[[ Task data open ]]

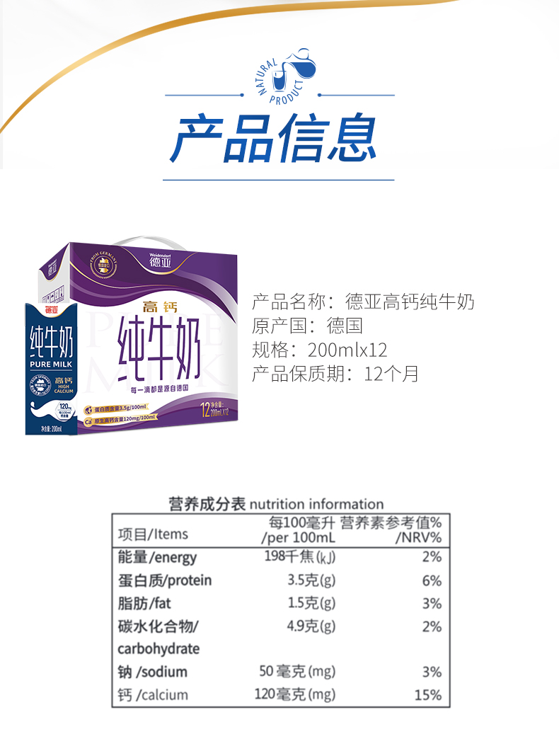 保質期365天 德國進口純牛奶
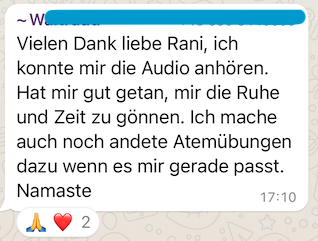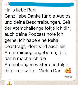 Hallo! Ich bin Rani – Yogalehrerin, Krisenfest-Expertin und leidenschaftliche Atmerin. Meine Mission ist es, Frauen wie dich zu inspirieren, ihre innere Stärke zu entdecken und die heilsame Kraft des Atems zu nutzen. Besonders in einem vollen und oft herausfordernden Alltag kann bewusste Atmung der Schlüssel zu mehr Gelassenheit und Resilienz sein. Ich freue mich darauf, dich auf deiner Reise zu mehr Wohlbefinden und innerer Balance zu begleiten. (Möchtest du mehr über mich erfahren?)
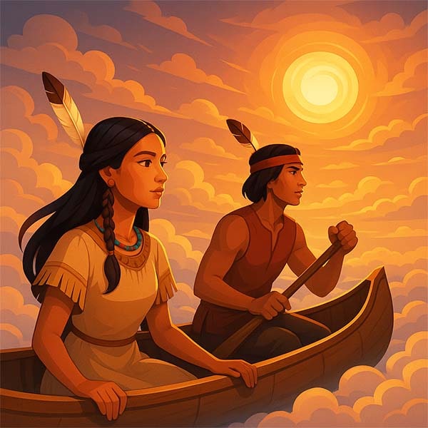 На березі зібралося все плем’я – чекали, як хоробрі юнаки намагатимуться обігнати Сонячну Квітку. Але ось, коли дівчина вже сиділа в човні, а перший воїн приготувався до старту, по річці приплив ще один – незнайомий юнак. Його каное було легке, мов промінь світанку, а очі – глибокі, як небо після дощу.
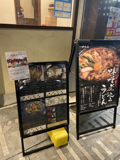 以前行っておいしかったのでいつも通りすがりにまた行こうと思ってた桜通大津山本屋にて、味噌煮込みうどん以外の色目のうどん(右上のです)があるのが目に留まり、
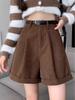 Braune Cord-Shorts mit hoher Taille für Damen – Schlankmachende A-Linie mit weitem Bein, perfekt für Herbst/Winter 2023
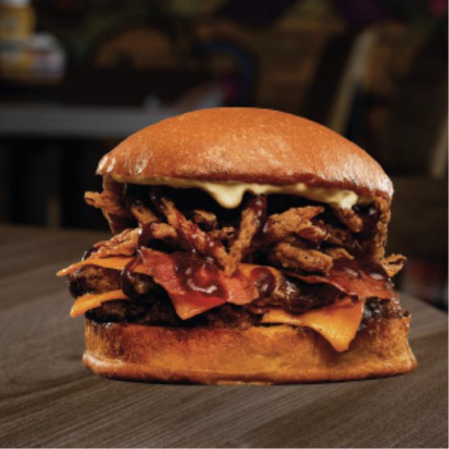 Hamburguesa de carne (200 gr.), tiras de tocino, cebolla empanizada bañanda en bbq, queso americano y suizo.
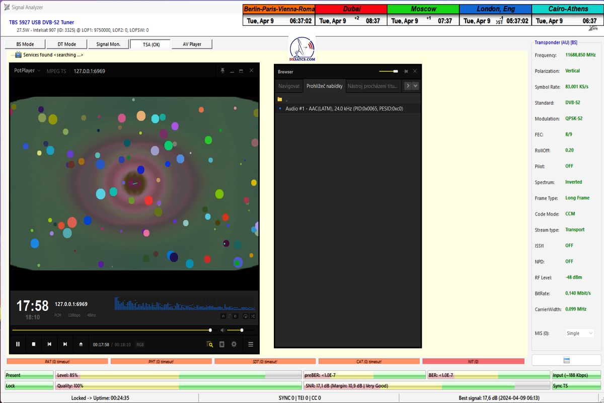 Poznámka #2 : moja výskumná činnosť potvrdila že pri aplikovanej HW/SW konfigurácii PC karta TBS 5927+EBSpro má na dosiahnutie stability alebo spojitosti
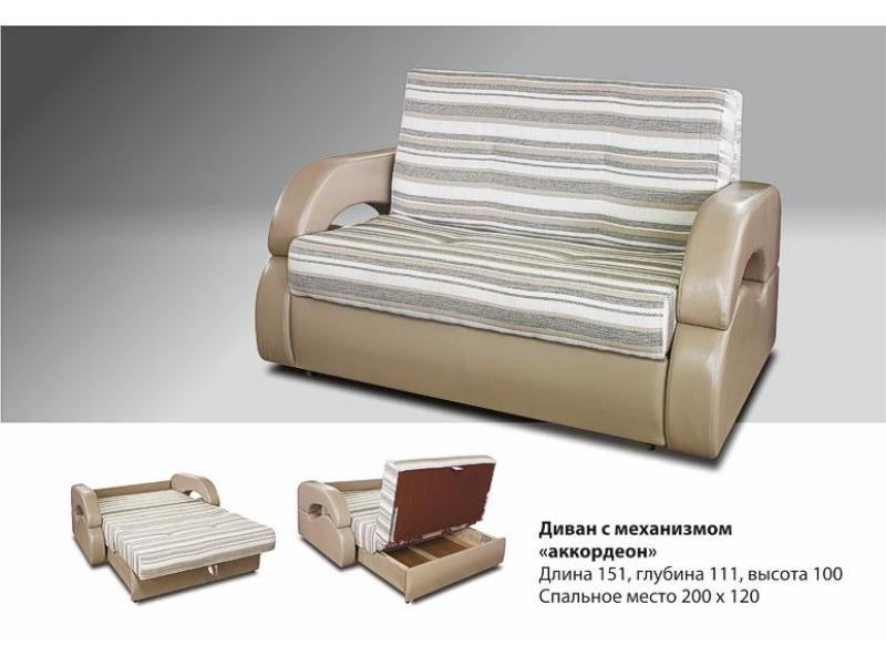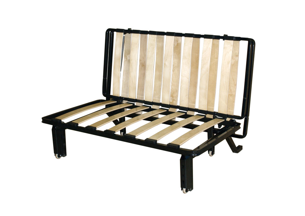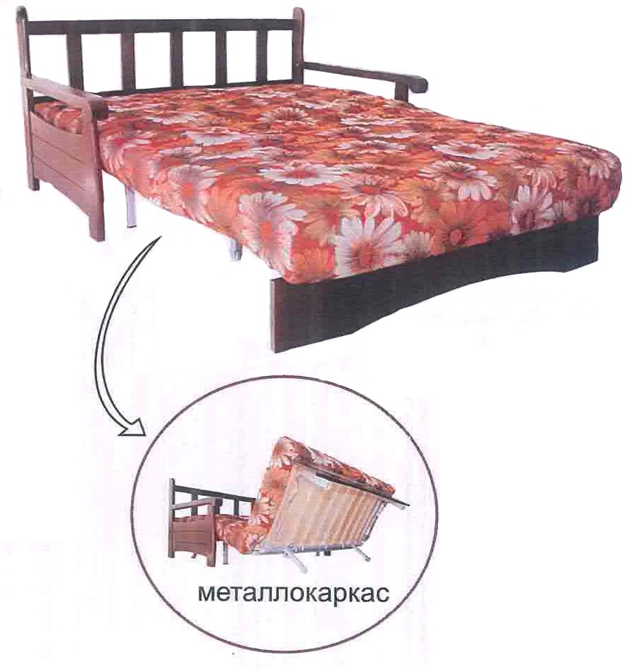 مبدأ آلية "الأكورديون" - تقليد لحركة الأكورديون ، سهل الطي - يتكشف. يتكون الهيكل من ثلاثة أجزاء ، مصنوعة من الفولاذ ، لها دروع خشبية. يمكن أن تكون الأريكة ذات الإطار المعدني قابلة للطي ، وهي مريحة عند الحركة.

[[ Task data closed ]]

- Your assignment:
Copy nothing but the lines above that run from the one with "На березі зібралося" to the one with "Hamburguesa de carne", ends included; pictures stay out.

- Completed exercise:
 На березі зібралося все плем’я – чекали, як хоробрі юнаки намагатимуться обігнати Сонячну Квітку. Але ось, коли дівчина вже сиділа в човні, а перший воїн приготувався до старту, по річці приплив ще один – незнайомий юнак. Його каное було легке, мов промінь світанку, а очі – глибокі, як небо після дощу.
 以前行っておいしかったのでいつも通りすがりにまた行こうと思ってた桜通大津山本屋にて、味噌煮込みうどん以外の色目のうどん(右上のです)があるのが目に留まり、
 Braune Cord-Shorts mit hoher Taille für Damen – Schlankmachende A-Linie mit weitem Bein, perfekt für Herbst/Winter 2023
 Hamburguesa de carne (200 gr.), tiras de tocino, cebolla empanizada bañanda en bbq, queso americano y suizo.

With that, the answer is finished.